■ Problem details ■
Retype only what runs from the first line of the records to the line with "Varen er sterk", inclusive, and no pictures.

[[ Supplied records, beginning ]]

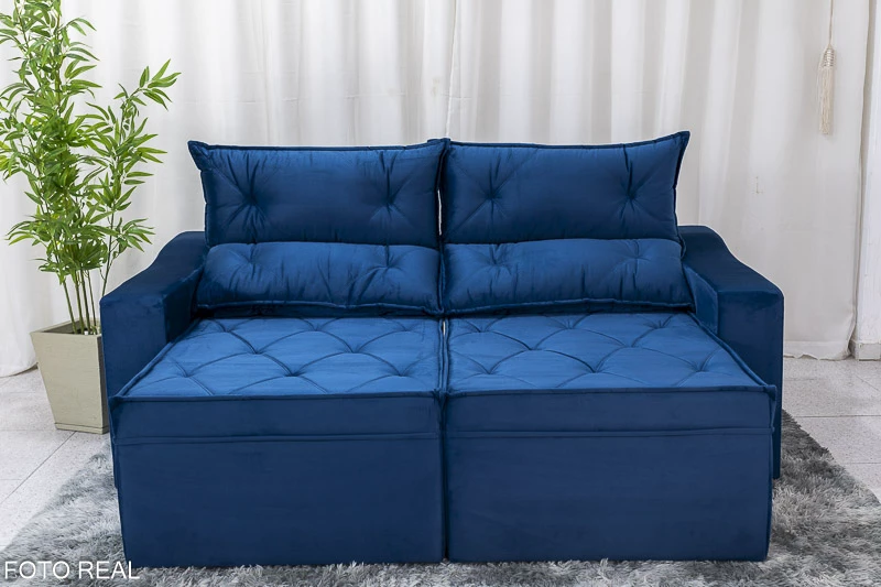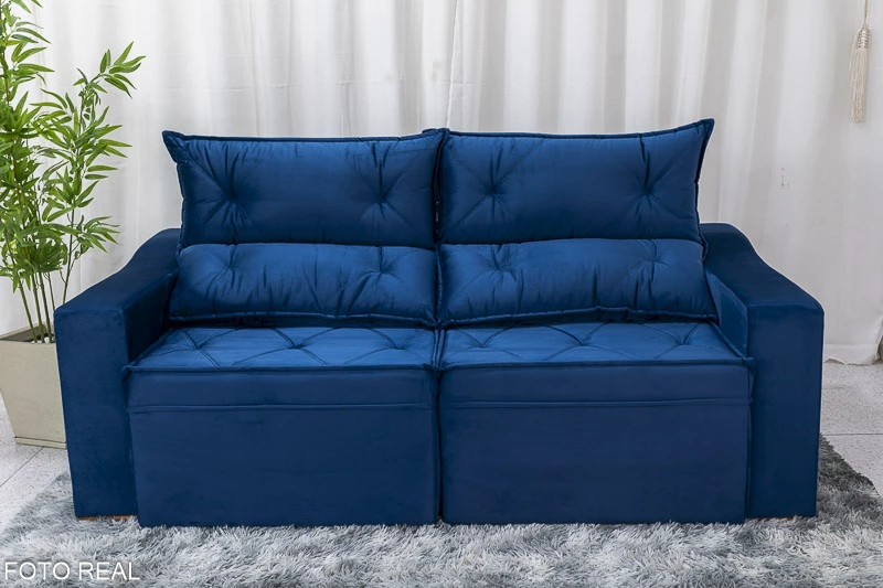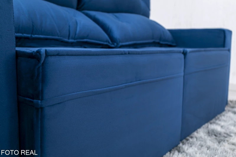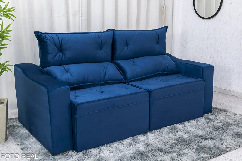 Sofá Retrátil Reclinável Moscou 2.00m Veludo Azul A16
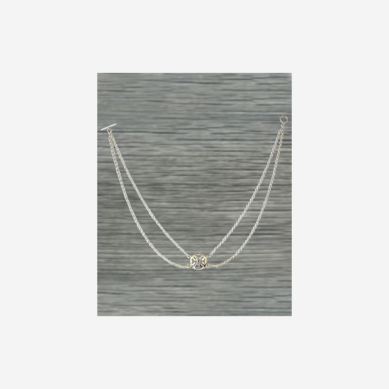 Varen er sterk forminsket på bildet, vennligst finn frem til størrelsen under "Produktdetaljer" Tidligere brukte samekvinnene store runde beltesmykker av metall eller reinhorn på siden av beltene . Under beltesmykkene hengte de kniven, skjeposen, saksehus, nålehus og pengepung. Mens de var på vår- eller høstflytting festet de også nøkler for stabburene og skattekistene i beltesmykket. Enkelte av våre smykker med motiver fra belteringer stammer fra middelalderen. De er funnet under utgravninger av samiske offerplasser i Sverige. Forskerne mener at det antakelig dreier seg om solsymboler, og derfra fikk belteringene navnet: solhjul. Dette er et moderne navn som først dukket opp med etableringen av sølvsmiene i Finnmark. De fleste av våre solhjul har reinhorn-modeller som forbilde. Noen beltesmykker var store, opp til 15 cm i diameter. Våre smykker med solhjulmotiver er blitt forminsket .
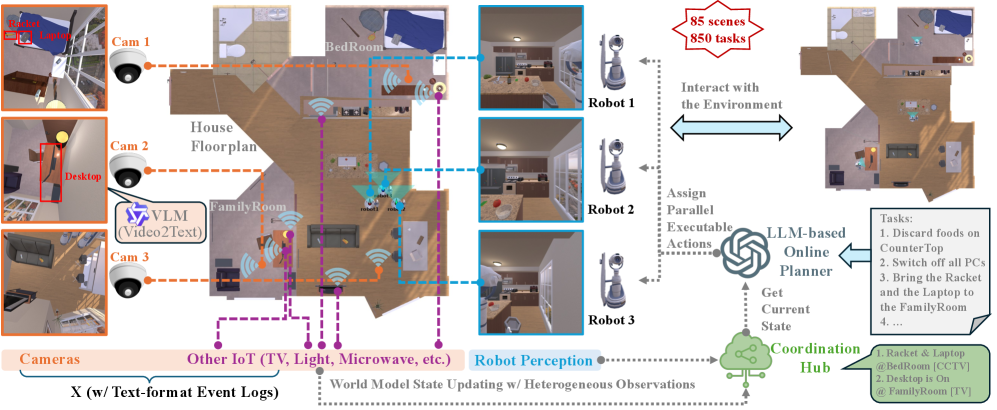 Figure 2: Our IndoorR2X framework. CCTV observations and other IoT device signals are collected to augment the world model beyond the perception range of the robots’ ego cameras. These heterogeneous observations are synchronized through a coordination hub, where an LLM-based online planner generates parallel actions for each robot and executes them to perform their respective tasks. As an example scenario, robots are assigned to perform household tasks in the morning. After potential overnight changes to object locations or device statuses (e.g., TVs), robots first update their indoor world model by leveraging the “X” observations.
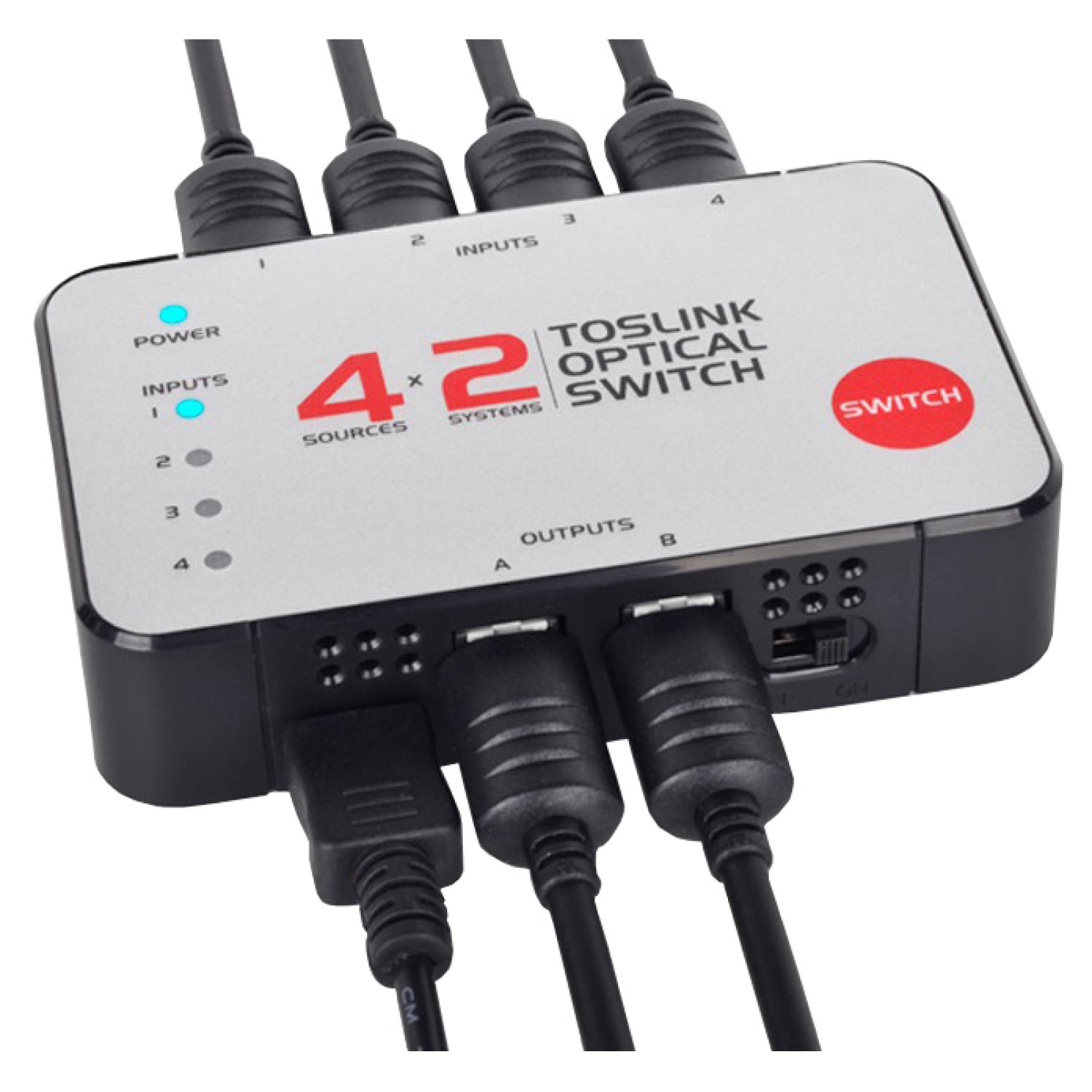 - 4 Toslink (optical) inputs and 2 toslink (optical) outputs
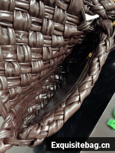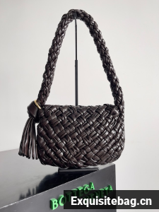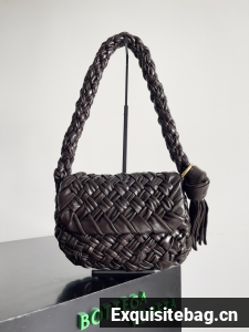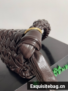 Shoulder bag in soft foulard Intreccio leather with sliding shoulder strap, metallic ring, and knot detail.
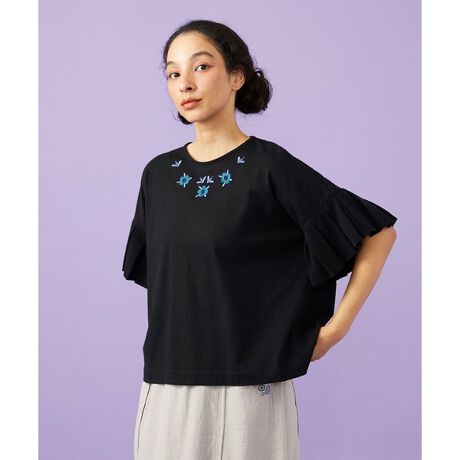 かわいらしさと上品さを兼ね備えたプリーツ袖カットソー。ドロップショルダーとゆとりのある身幅の、リラクシーな着用感がポイントです。身頃にはカットソー素材、袖にはプリーツ編みのニットパーツを組み合わせた異素材ドッキングデザイン。胸元にあしらったお花刺繍が、さりげなく上品なアクセントに。きれいめな雰囲気でコーディネートを楽しめるカットソーです。
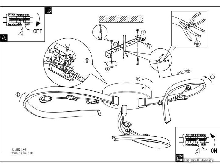 - Цвет плафонов, абажура белый, прозрачный
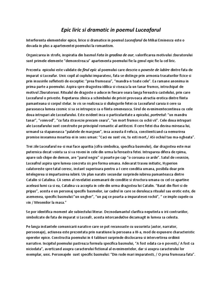 Epic Liric Si Dramatic In Poemul Luceafarul
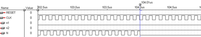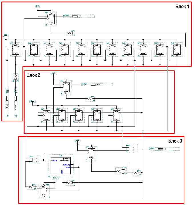 Сигнал «сброс» для второго блока (Блок2) берется с выхода Q предпоследнего триггера линии задержки блока (Блок1) (для совпадения среза сигнала с первого блока (Блок1), и фронта, сигнала со второго блока (Блок2)). Сигнал «n2» формируется с 6 (шестого) триггера Блока (Блок2) аналогично формированию сигнала «n1». Линия задержки сформирована на четырех D – триггерах.

[[ Supplied records, end ]]

■ Your response ■
 Sofá Retrátil Reclinável Moscou 2.00m Veludo Azul A16
 Varen er sterk forminsket på bildet, vennligst finn frem til størrelsen under "Produktdetaljer" Tidligere brukte samekvinnene store runde beltesmykker av metall eller reinhorn på siden av beltene . Under beltesmykkene hengte de kniven, skjeposen, saksehus, nålehus og pengepung. Mens de var på vår- eller høstflytting festet de også nøkler for stabburene og skattekistene i beltesmykket. Enkelte av våre smykker med motiver fra belteringer stammer fra middelalderen. De er funnet under utgravninger av samiske offerplasser i Sverige. Forskerne mener at det antakelig dreier seg om solsymboler, og derfra fikk belteringene navnet: solhjul. Dette er et moderne navn som først dukket opp med etableringen av sølvsmiene i Finnmark. De fleste av våre solhjul har reinhorn-modeller som forbilde. Noen beltesmykker var store, opp til 15 cm i diameter. Våre smykker med solhjulmotiver er blitt forminsket .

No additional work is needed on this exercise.